Albert es un ovejero bastante cafre que se conforma con su vida sencilla junto a sus amigos Edward y Ruth y el gran amor de su vida, Louise. Pero cuando Louise se da cuenta de que es un donnadie y que nunca dejará de serlo decide romper con él y cambiarlo por el exitoso propietario de una tienda de artículos para bigotes, Foy. La vida de Albert se desmorona entonces más de lo habitual y solo la aparición de la atractiva pero dura Anna dará un toque de luz a su amarga existencia. Lo que nadie imagina es que Anna es también la esposa del peligroso ladrón y asesino Clinch Leatherwood.
Como verán, no es que el argumento sea nada del otro mundo, y desde el primer momento se adivina que la historia de una chica atractiva ayudando al protagonista a ser más hombre para acabar seduciendo a la dueña de sus sueños que lo desprecia y ningunea sólo puede acabar con el amor entre ambos. Lo importante de verdad es la sucesión de chistes, a cual más gamberro que campan por sus anchas por la película. Unos chistes que van de lo zafio a lo puramente escatológico y que si bien en algunos casos consiguen fácilmente la carcajada en otros son demasiado desagradables como para aplaudir el ingenio de MacFarlane, que hecha por la borda cualquier momento de inspiración anterior cuando se deja llevar por sus propios tics.
Siendo justo, son más los chistes correctos (algunos incluso brillantes) que los escatológicos, pero estos segundos tienen una fuerza y contundencia tal que al final se conservan en la memoria por encima del resto, haciéndonos pensar que la película parece peor de lo que en realidad es. Además, la presencia del propio MacFarlane hace que el humor visual quede en segundo plano ante un uso y abuso de diálogos para su mayor lucimiento, con lo que cas nos encontramos con una sucesión de monólogos que terminan por cansar.

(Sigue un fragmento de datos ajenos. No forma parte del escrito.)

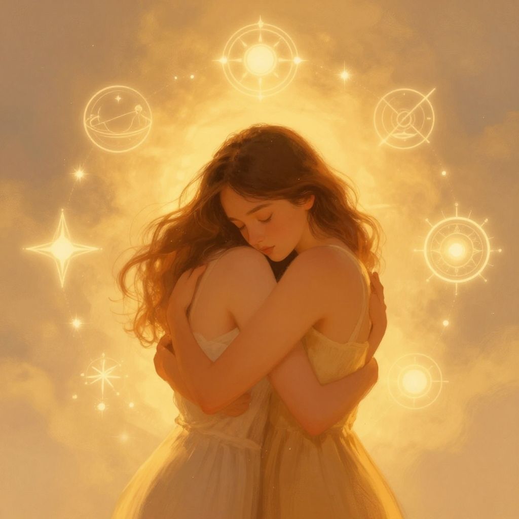 Symbol for self love, a person hugging themselves surrounded by celestial symbols and warm golden hues, dreamy background, digital painting, comforting and empowering vibe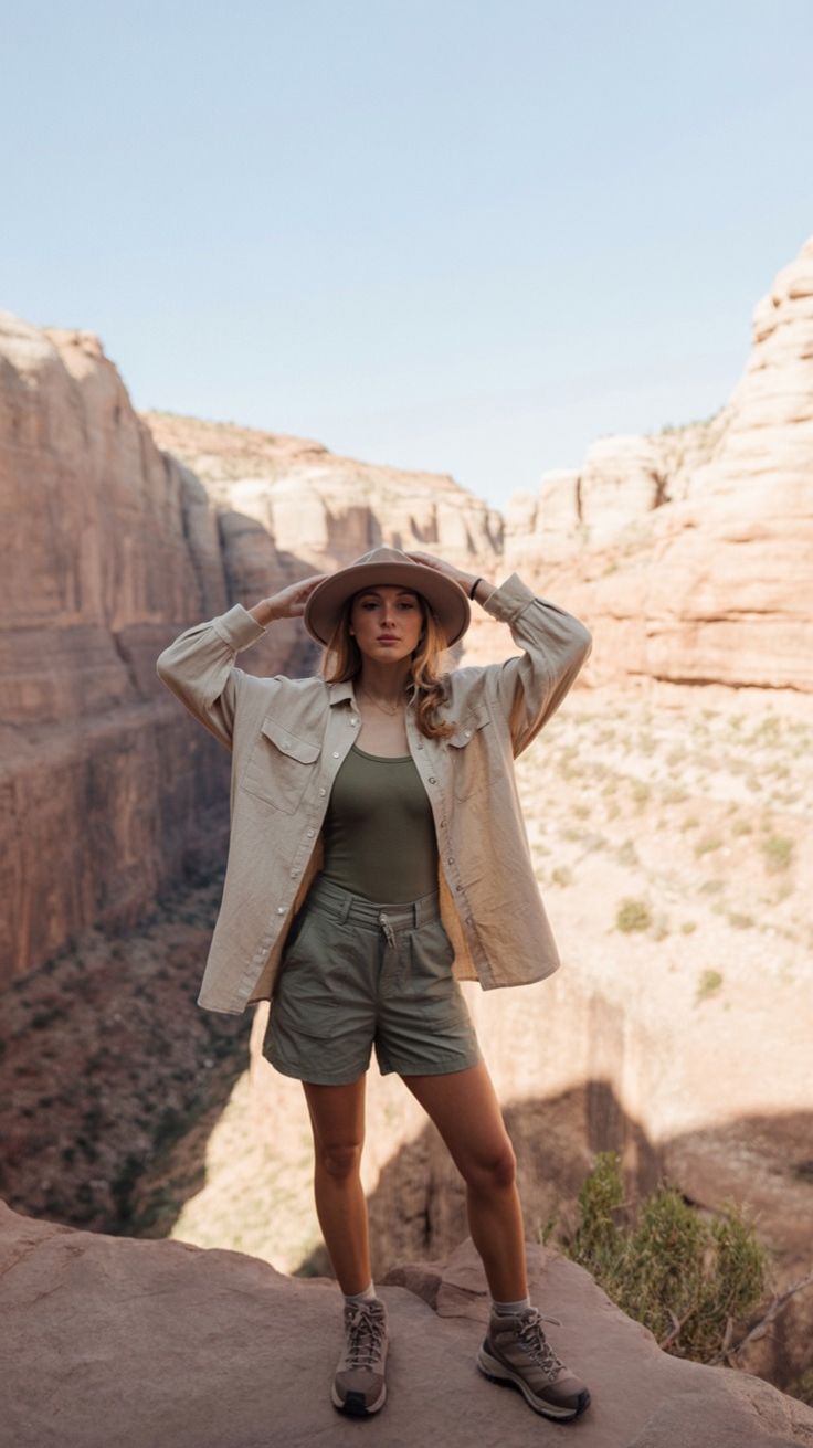 An ultra-clean neutral palette suited for desert canyons, warm summer hikes, and adventurous travel days. The oversized sand-colored shirt creates a cool layer over the olive tank and shorts, offering coverage from sun exposure while enhancing breathability. Works beautifully for tall or long-torsoed figures because of the elongated silhouette. Less suitable for damp winter conditions.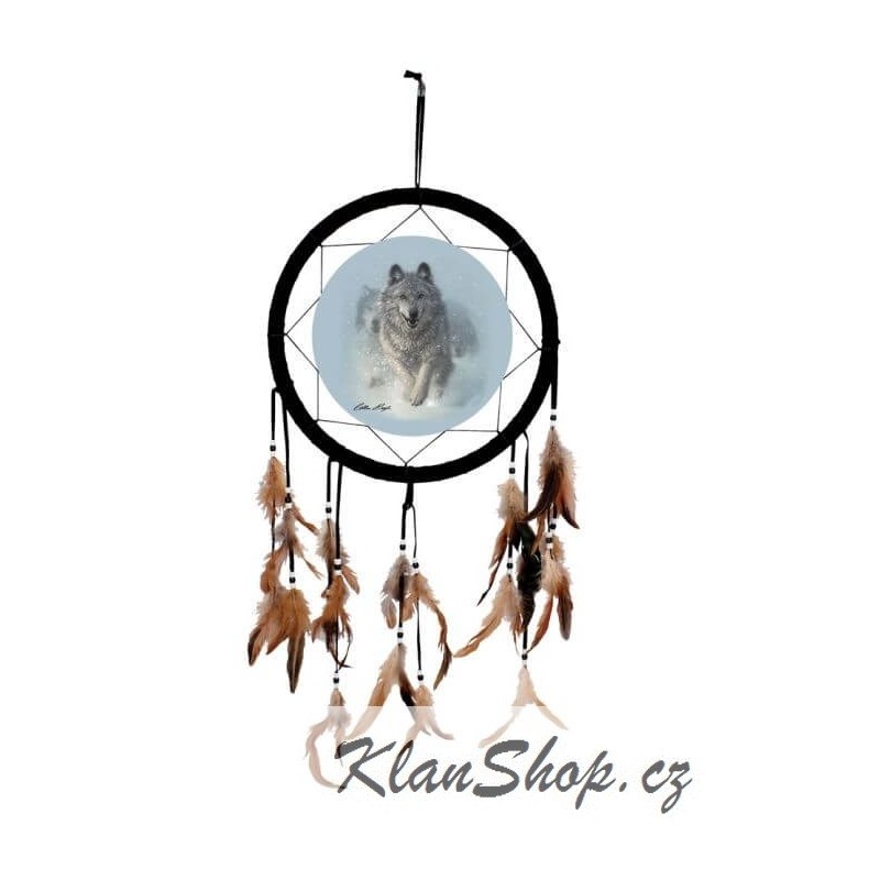 Dekorační lapač snů (lapač snů s obrázkem) - vlk ve sněhu s hnědými pírky.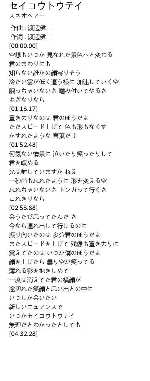 | [02:34.17] | 一秒前も忘れたように 形を変える空 |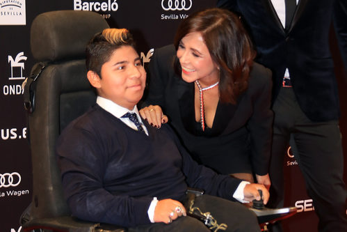 La periodista Isabel Gemio muy pendiente de su hijo Gustavo en la alfombra roja de la entrega de los Premios Ondas 2017.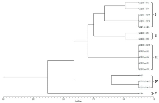 In order to generate similarity values between the genotypes under study, the input matrix for the genetic diversity among the genotypes was generated for SSR markers alleles. Five clusters were formed out of the genotypes (Figure 10). Five genotypes made up Cluster Ⅰ (GZ12020-7-2-7-1, GZ12020-7-2-7-4, GZ12021-7-8-13-4, GZ12021-7-8-14-2, and GZ6296-12-1-2-1-1) and were further split into two sub-clusters (Ⅰa and Ⅰb) that were divided at a similarity value of 0.77. Cluster Ⅱ had two genotypes (12020-7-2-9-4 and GZ12020-7-2-9-5) that had a similarity value of 0.70 compared to other clusters. Alternatively, cluster Ⅲ, which was distinguished from other clusters by a similarity value of 0.66, had five genotypes (GZ12020-7-2-10-3, GZ12021-4-1-1-5, GZ12021-4-1-1-6, GZ12021-4-1-2-5, and GZ12021-4-1-3-2) with an identical similarity value. Cluster Ⅳ contains three genotypes (Giza178, GZ12021-13-14-22-2, and GZ12021-13-14-22-5) and splits into two sub-clusters (Ⅳa and Ⅳb) with a similarity value of 0.82. Cluster Ⅴ has a single genotype (GZ1368) that has a similarity value of 0.39 to the other clusters.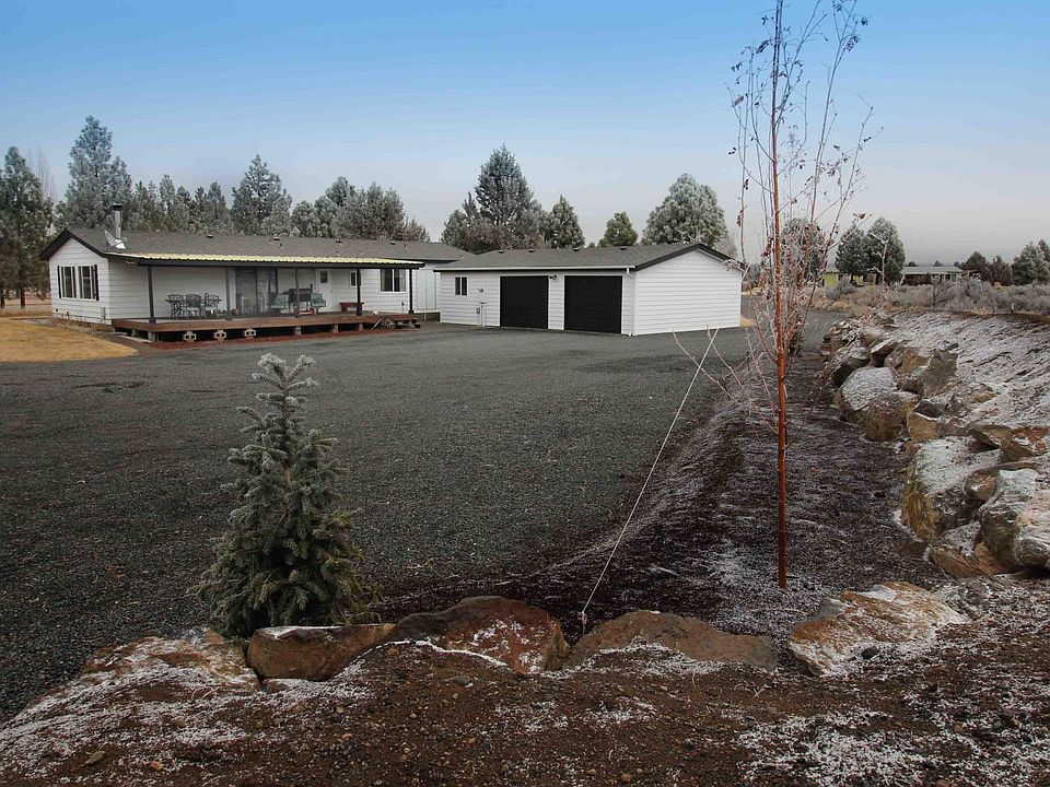Delightful 2.23 fenced acres in Sisters School District with clean & tidy, updated 1440 sqft home. Vaulted living room is cozy with woodstove for warmth, private large master suite, open kitchen, dining room & great room. Huge covered deck, beautiful landscaped yard with fire pit area for summer enjoyment. Awesome 1760 sqft shop w/220 power & 3 roll up doors, on slab, perfect for your toys and projects. BLM near by for riding & hiking. Three Sisters mountain views. Easy access to Sisters, Redmond or Bend from this location in the Golden Triangle!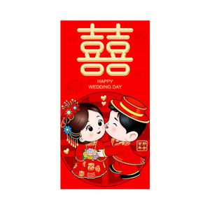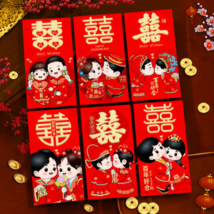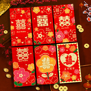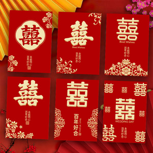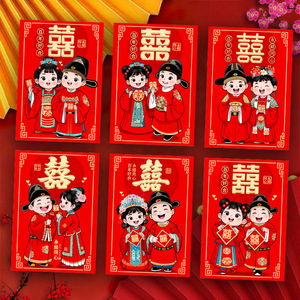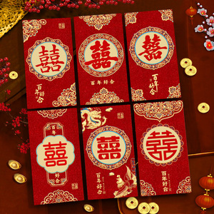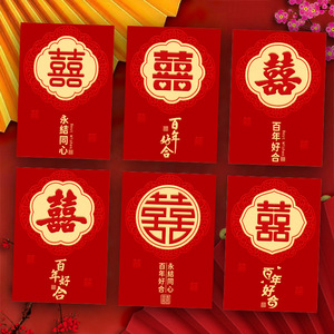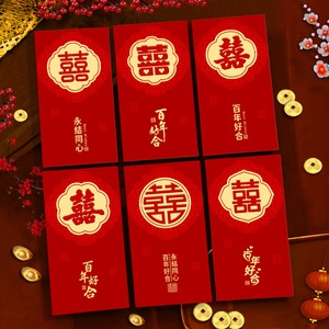結婚の赤いバッグを厚くして新婚の喜字利はアイデアを封じて百元千元通用の双喜紅包袋卸売りである

Aciertos y despropósitos a partes iguales, lo mejor es el retrato realista que se ofrece de la época (mucho menos limpia y glamurosa de lo que Gary Cooper y compañía nos querían hacer creer), sucia y cruel. Y, como en Ted, las dos escenas más aplaudidas y recordadas serán las correspondientes a los cameos (la aparición de Flash Gordon en aquella es sustituida por dos inesperados protagonistas de westerns), que lamentablemente pierden fuerza al haber sido publicitados con anterioridad en diversos medios (y hablo también de revistas especializadas, que no siempre es todo culpa de Internet) y que, por supuesto, no voy a revelar aquí. Nos quedamos así con la reflexión con la que Albert describe al Salvaje Oeste y con algunos momentos especialmente inspirados como los padres de Albert, la coña con las fotografías, etc. Claro que los mejores chistes son, como es habitual, los que ya se ven en el tráiler.
Irregular en su ritmo y para paladares poco sensibles, la película divierte y entretiene, pero deja con una amarga sensación de que se ha perdido la oportunidad de ofrecer una gran comedia, de la que se queda sólo a las puertas.